This is getting very strange...
still no further crawling, only the home page is being fetched...
can someone give me a hint?
too many variables in the url of one.
last I checked, google completely ignored urls which contained a query-string param of id=anything-at-all -- this was some months ago.
Google and other search engines don't like many parameters, but recently Google was more likely to spider URLs with several parameters. Try to keep the number low (2 or 3 will do for Google). But the most important thing is to avoid a parameter with a name like 'id'. This indicates a session-id, and following those links would result in spidering many (almost) identical pages. So I agree with frogg, the main problem will be the 'id' parameter.
Hope this helps.
Yah, "id=" usually marks a session id, so if you can rename that I would. Also, fewer parameters are better. Good luck! :)
Is the problem with "anythingid=" or just "id="?
Thank you all,
I think I'll mod_rewrite the whole thing ("id" is quite impossible to change...)
Eventually, I'll let you know :)
|recently Google was more likely to spider URLs with several parameters. Try to keep the number low (2 or 3 will do for Google). |
3? Is this true? I have never seen a 3 parameter URL in the SERPs, but I guess I haven't been looking that hard. Can you confirm that Google will index 3-parameter URLs?

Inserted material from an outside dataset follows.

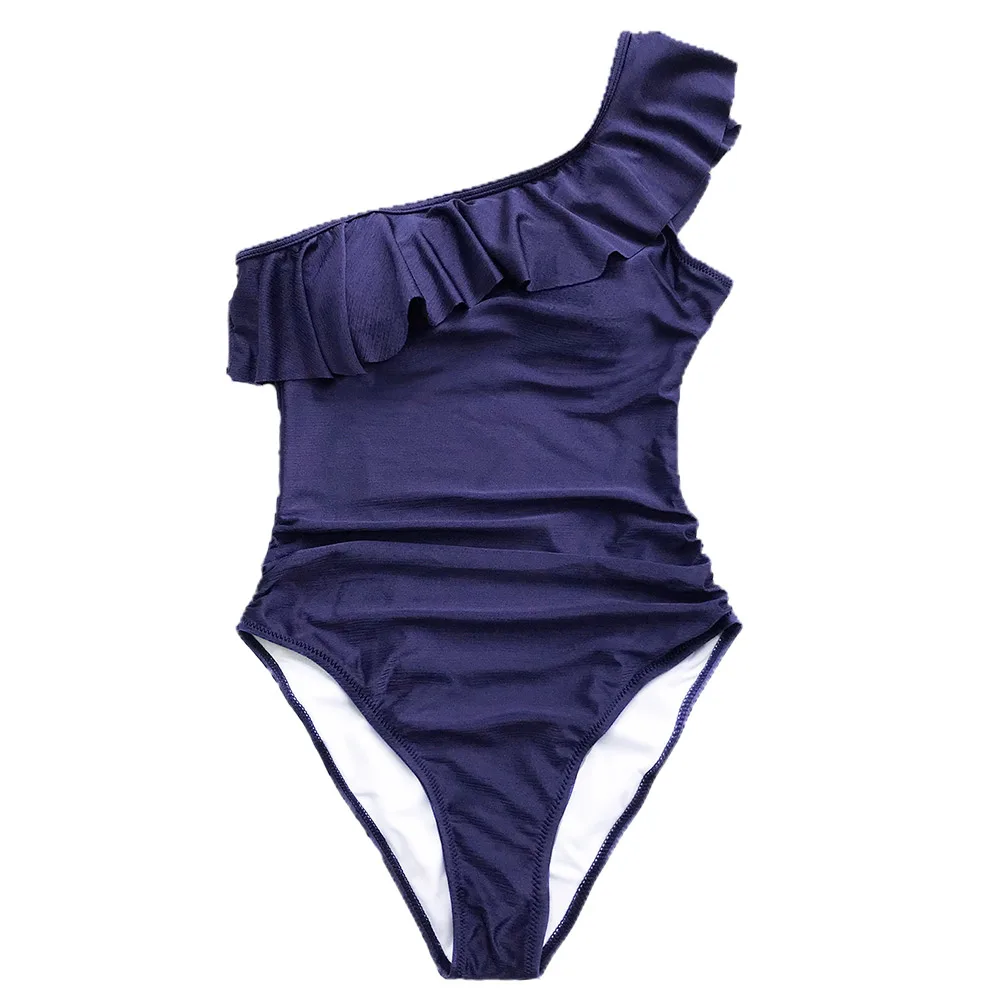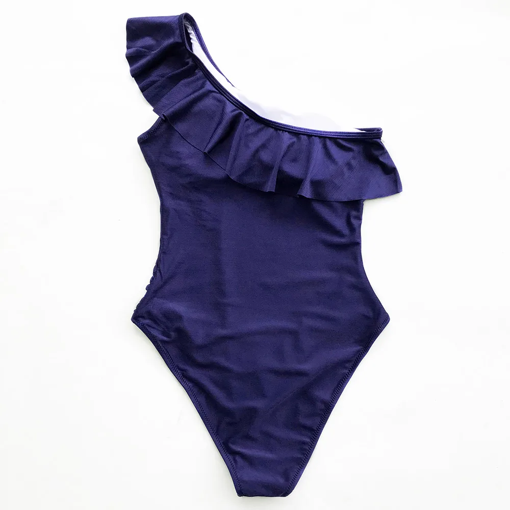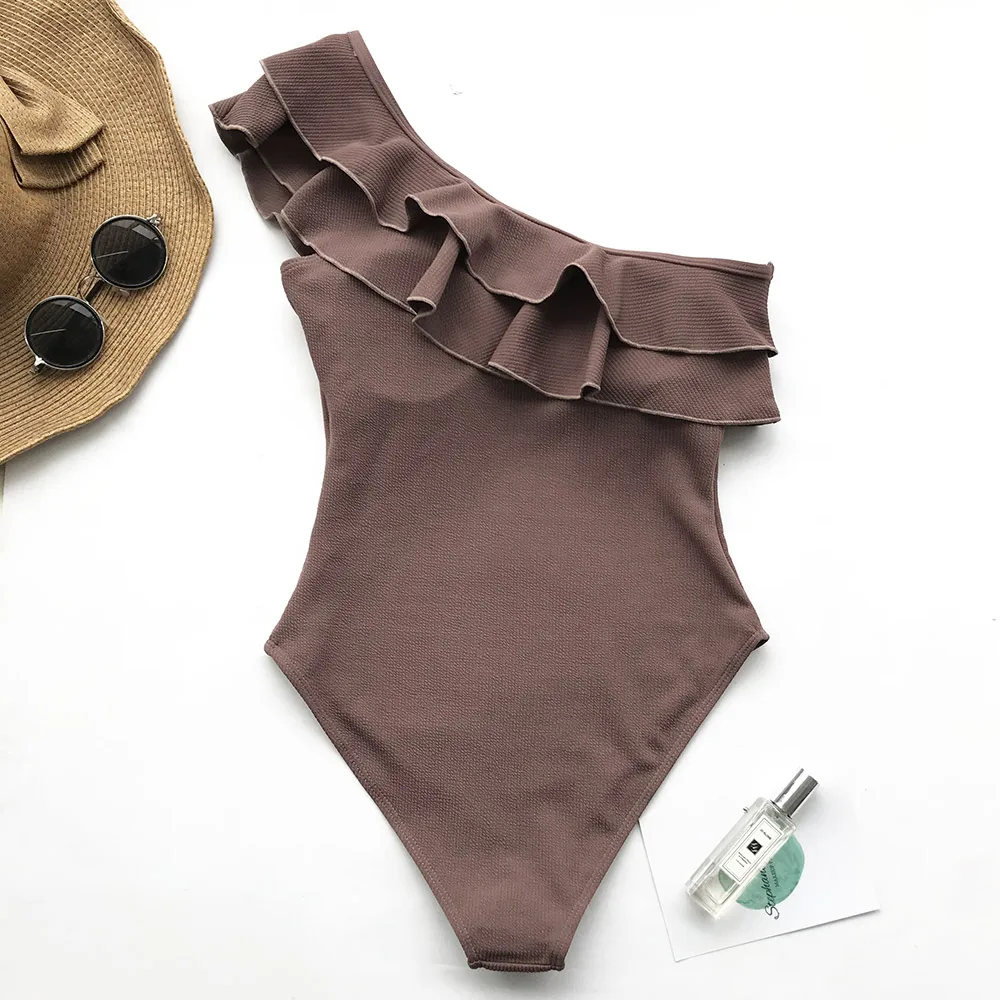 CUPSHE Falbala One-piece Swimsuit Women Brown Ruffle One-shoulder Monokini 2020 Girl Solid Beach Bathing Suit Swimwear

I've seen them index more than 3, but I don't think you'll get as many urls spidered. It's more of a rarity. But if there are a lot of sites on the web linking to a page with a lot of parameters they will get indexed.

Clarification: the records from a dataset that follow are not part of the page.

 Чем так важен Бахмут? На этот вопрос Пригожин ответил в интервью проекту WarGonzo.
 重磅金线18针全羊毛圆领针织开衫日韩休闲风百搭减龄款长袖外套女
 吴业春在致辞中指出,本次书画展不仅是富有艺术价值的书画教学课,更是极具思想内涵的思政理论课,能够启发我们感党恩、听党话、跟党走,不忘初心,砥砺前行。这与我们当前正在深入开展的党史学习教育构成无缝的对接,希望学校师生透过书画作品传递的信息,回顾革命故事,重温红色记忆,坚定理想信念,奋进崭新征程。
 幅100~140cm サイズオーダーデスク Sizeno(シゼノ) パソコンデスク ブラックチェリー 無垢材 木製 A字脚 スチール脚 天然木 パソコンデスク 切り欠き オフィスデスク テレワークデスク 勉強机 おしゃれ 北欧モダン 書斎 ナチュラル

|But the most important thing is to avoid a parameter with a name like 'id'. This indicates a session-id, and following those links would result in spidering many (almost) identical pages. |
Hmm... this is interesting to know. I'm having trouble getting Google to spider my sub-pages, even without a query string. The URLs look something like this:
I wonder - could Google be smart enough to realize I'm using the path as a replacement for the parameters and notice the ciid?

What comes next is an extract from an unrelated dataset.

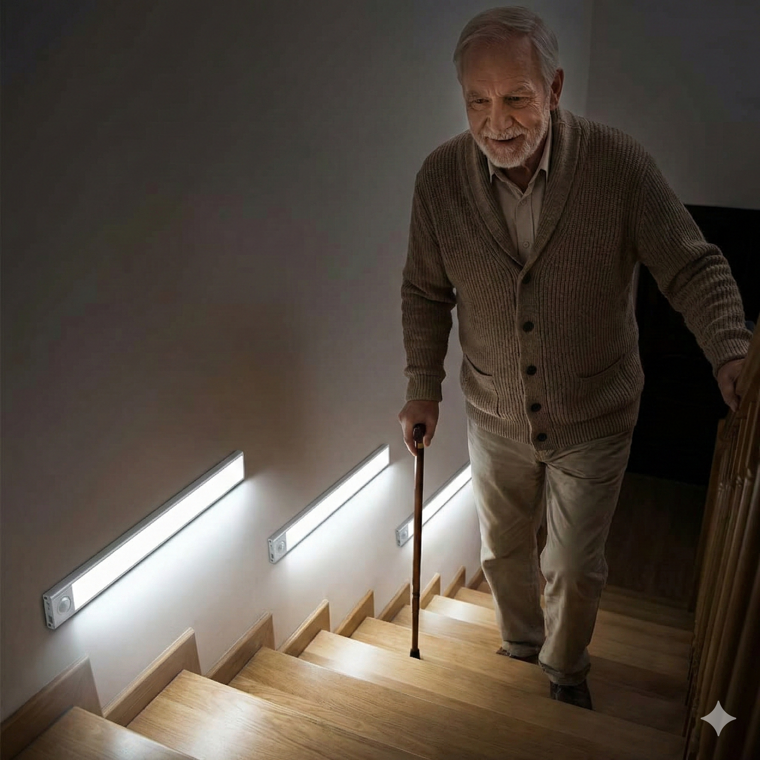 Luz nocturna LED con sensor de movimiento PIR, diseñada para mejorar la seguridad de personas mayores durante la noche. Se enciende automáticamente al detectar movimiento, proporcionando una iluminación inmediata y suave que ayuda a evitar caídas, tropiezos y desorientación.
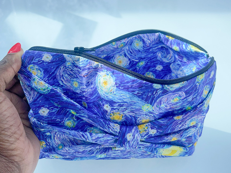 I’m so in love with this bag. It holds a lot and it’s the perfect accessory to go with a handmade dress. In the future, I’d add loops to add on a chain so the bag can be hung on my shoulder.

nope...use the tool here at WW to see the headers being output. If you are not putting out a 200 header google may not want to spider it.
Where is the tool you are referring to and what exactly do you mean by a '200 Header'?
The tool is over on SearchEngineWorld.com.
He means the status code that your HTTP server responds with when something makes a request for a page. 200 means OK, 404 means not found, 500 means internal server error, etc.
My site sends back a 200 response code for both the page I'm trying to get it to spider and the page that links to it.
But the other engines spider it OK, so I'm thinking maybe it's just another part of the wackiness of this latest update...
I always have trouble remembering how to find it or I would have provided the link.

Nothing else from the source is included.